Aram Belhadj, docteur en sciences économiques, enseignant-chercheur à l'Université de Carthage et expert-consultant, est revenu, vendredi 4 février 2022, sur la situation économique du pays, la visite d'Emmanuel Moulin et le communiqué de la Banque centrale de la veille. Au micro de La Matinale de Myriam Belkadhi sur Shems FM, M. Belhadj a écarté le fait que la visite d'Emmanuel Moulin soit dans le cadre de l'ouverture de négociations avec le Club de Paris. Mais, pour lui, les doutes des Tunisiens sont légitimes vu la situation économique et financière très délicate du pays et le manque de communication du gouvernement. La plus grande peur étant que la Tunisie aille au Club de Paris. Cela dit, la menace que la Tunisie soit incapable de faire face à ses engagements financiers reste de mise. Et d'expliquer que M. Moulin est connu pour être l'homme qu'on appelle en cas de crises. Pour lui, certes, il y a un appui technique de la France et des autres partenaires de la Tunisie, mais la venue de cet homme en Tunisie en ce timing, sous le silence des autorités tunisiennes et françaises, n'est pas anodin. Et de dénoncer le manque de communication des autorités tunisiennes.

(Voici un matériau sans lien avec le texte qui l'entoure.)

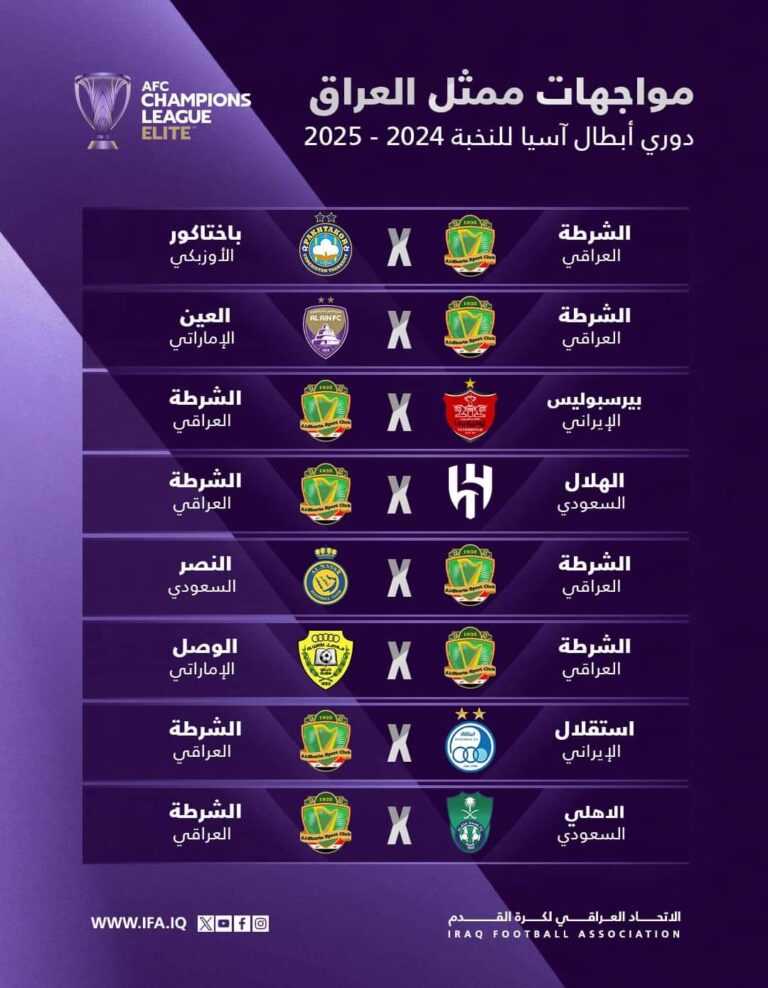 مواجهات نادي الشرطة في دوري ابطال آسيا للنخبة
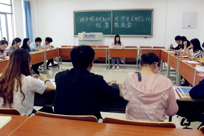 为响应学校“转作风、强教风、优学风、树新风”建设年活动的号召,近日,旅游学院团总支学生会在南区6312教室召开“讲文明·树新风”大学生文明公约征集交流会。院青年学生代表参加此次交流会,会议由该院学生会主席施雯君主持。
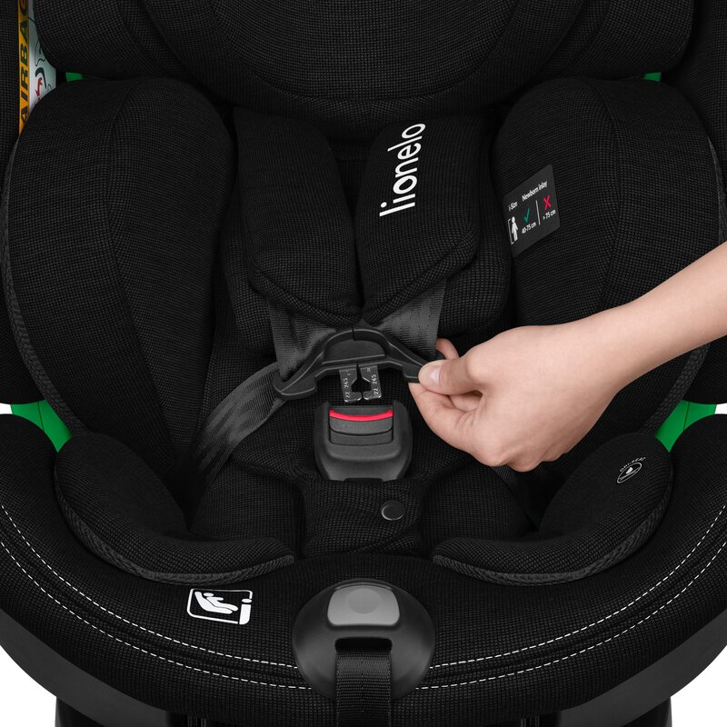 Lionelo Harmony i-Size este un scaun auto pentru copii, avansat din punct de vedere tehnologic, certificat de siguranta R129, destinat copiilor cu inaltimea intre 40 si 150 cm. Modelul este potrivit atat pentru instalarea cu fata catre directia de mers, cat si cu spatele catre directia de mers, folosind sistemul ISOFIX si un picior stabilizator. Harmony i-Size este echipat cu sistemul inovator Side Impact Guard, care ofera protectie avansata la impact lateral prin utilizarea unui pad de impact repozitionabil, care absoarbe energia in timpul coliziunilor auto. Scaunul pentru copii dispune, de asemenea, de ajustarea spatarului in cinci trepte, atat in pozitia cu fata, cat si cu spatele catre directia de mers, pentru a asigura confortul maxim in timpul calatoriilor cu masina. Functia suplimentara Buckle Alarm alerteaza parintele cand catarama este desfacuta pentru a spori siguranta utilizarii. Pentru confort maxim, scaunul este echipat cu baza rotativa EasyTurn de 360 grade, care faciliteaza asezarea si scoaterea copilului din scaun. Cadru anti-rotatie ajustabil asigura o potrivire si mai buna a scaunului auto pentru copii cu scaunul masinii.
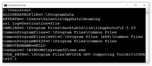 Команда set (англ. Set – «установите значение, задайте состояние, настройте») позволяет просматривать и изменять переменные (параметры) среды окружения (англ. Environment variables – «переменные окружения»). Имеется в виду среда выполнения программ.
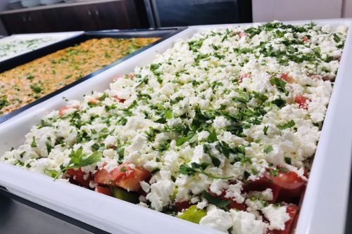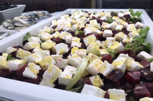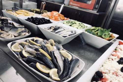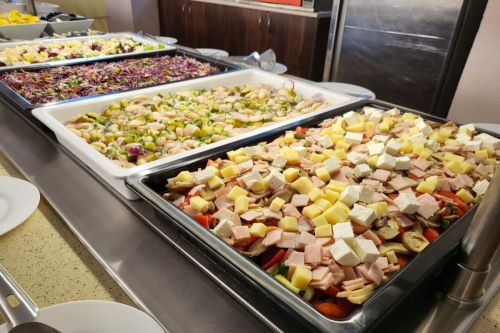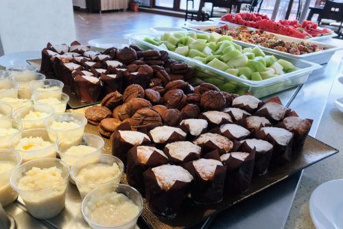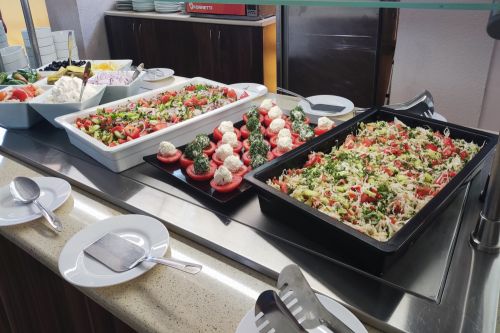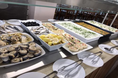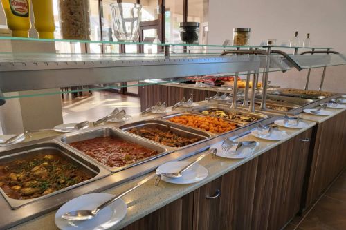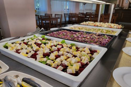 Храна и напитки в ресторант на блок маса, предлагащ голямо разнообразие от ястия от българската и европейската кухня:
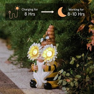 Solar Garden Outdoor Porch Yard Lawn Decor 11.7'' Gnomes Statuesresin Bee
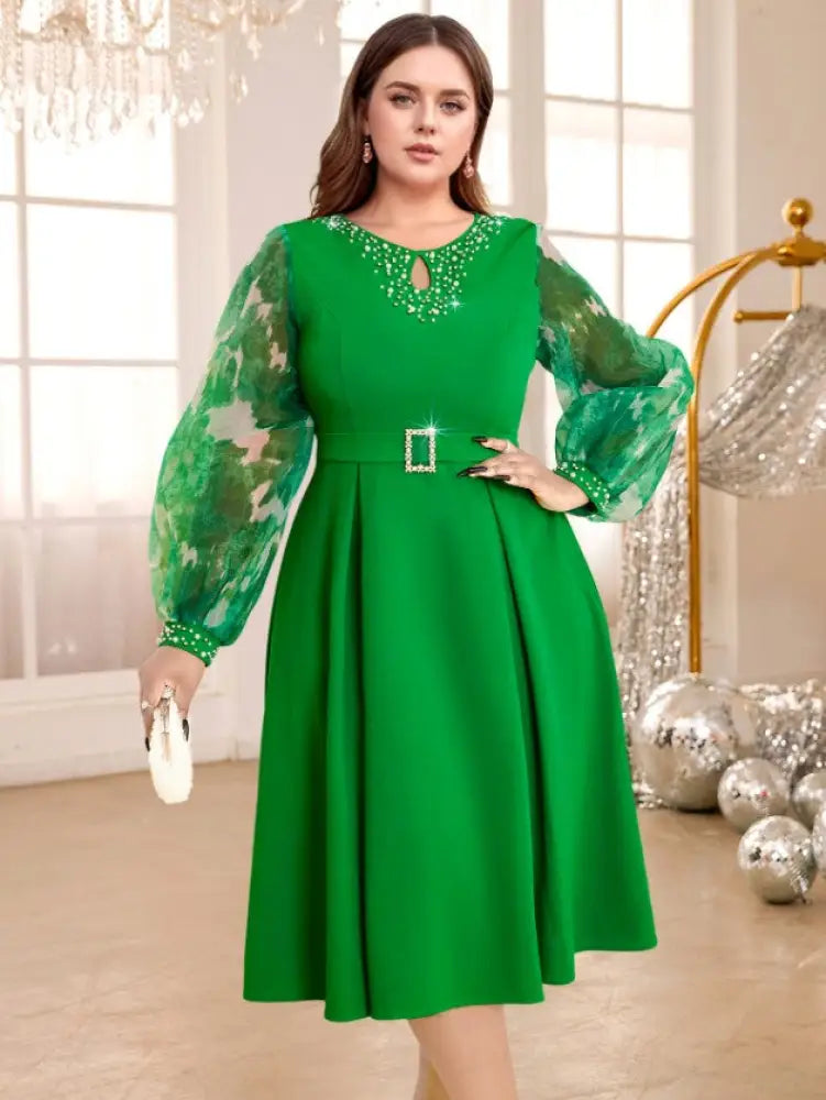 AOMEIDRESS A Line Dress O Neck Beading Mesh Patchwork Lantern Sleeves - Green / S is backordered and will ship as soon as it is back in stock.
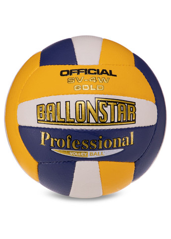 М'яч волейбольний BALLONSTAR SV-4W-01Розмір: 5 (стандарт) М'яч призначений для гри в пляжний волейбол на вулиці та в приміщенні. Покришка виготовлена з поліуретану. Це відмінний замінник шкіри, що відрізняється підвищеною міцністю та стійкістю до впливу вологи. Панелі м'яча між собою пошиті вручну. Такий метод з'єднання панелей дозволяє зробити м'яч невразливим до впливу вологи та досить міцним. Три шари підкладочного матеріалу забезпечують надійний захист камери від пошкоджень та ідеальну сферичну форму м'яча. Конструкція м'яча складається із 18 панелей. Камера витримує тиск у межах 0,29-0,32 BAR.Волейбольний м'яч можна використовувати у приміщенні та на вулиці. М'ячі такого типу відмінно підійдуть для навчальних закладів для уроків фізкультури, а також для розваг та відпочинку на природі. Завдяки міцному матеріалу покришки м'яч прослужить тривалий час. А підкладка не дозволить йому деформуватись. М'ячі з ручною зшивкою панелей відмінно підходять для аматорського волейболу та розваг. Це хороший подарунок для дитини, яка приверне його до активного способу життя та занять спортом. Характеристики:Розмір: 5Матеріал: Поліуретан (PU)Тип з'єднання панелей: Ручний шов Кількість панелей: 18 панелейМожна використовувати у приміщенні та на вулиці.Панелі з'єднані між собою методом ручної зшивки.Покришка з високоякісного поліуретану.Підходить для аматорського волейболу, навчання та розваг. У нас ви придбаєте лише оригінальні м'ячі. Ми цінуємо свою репутацію!

S'agissant du communiqué de la Banque centrale de Tunisie, Aram Belhadj a salué la décision de l'autorité monétaire de ne pas augmenter le taux d'intérêt directeur, qui a priorisé l'intérêt national en ce temps de crise, car une hausse du taux, se traduira par une hausse du coût des crédits, empêchant les PME d'accéder au financement. Par contre, le chercheur a estimé que le ton utilisé par la BCT est un signal d'alerte tacite au gouvernement afin qu'il prenne ses responsabilités concernant le contrôle des circuits de distribution et des réformes structurelles en général. Si la situation persiste et que les pressions inflationnistes perdurent, elle sera obligée de tenir son rôle de maitrise de l'inflation, en augmentant le taux directeur. Pour lui, l'autorité monétaire a compris que la raison principale de la hausse des prix n'est pas la masse monétaire ou le glissement du dinar mais les circuits de distribution à cause du manque de contrôle et de l'application de la loi.
En ce qui concerne sa préoccupation par rapport au retard dans la mobilisation des ressources extérieures pour le budget 2022, l'économiste pense que la BCT a peur de reproduire le schéma de fin 2020 où elle a été obligée de fournir un financement direct au budget de l'Etat. Et de noter la lenteur de la mobilisation des ressources en général. Sa lecture est que la BCT encourage le gouvernement à prendre ses responsabilités en entamant des négociations sérieuses avec le Fonds Monétaire International (FMI), étant obligé de passer par cette institution financière internationale vu la crise qui secoue le pays. Elle pousse vers la préparation d'un programme global pour le soumettre au FMI, l'objectif étant d'avoir la première tranche, qui facilitera l'accès du pays à d'autres financements extérieurs outre le fait que cela nous permettra de baisser les coûts et charges liés à ce nouvel endettement.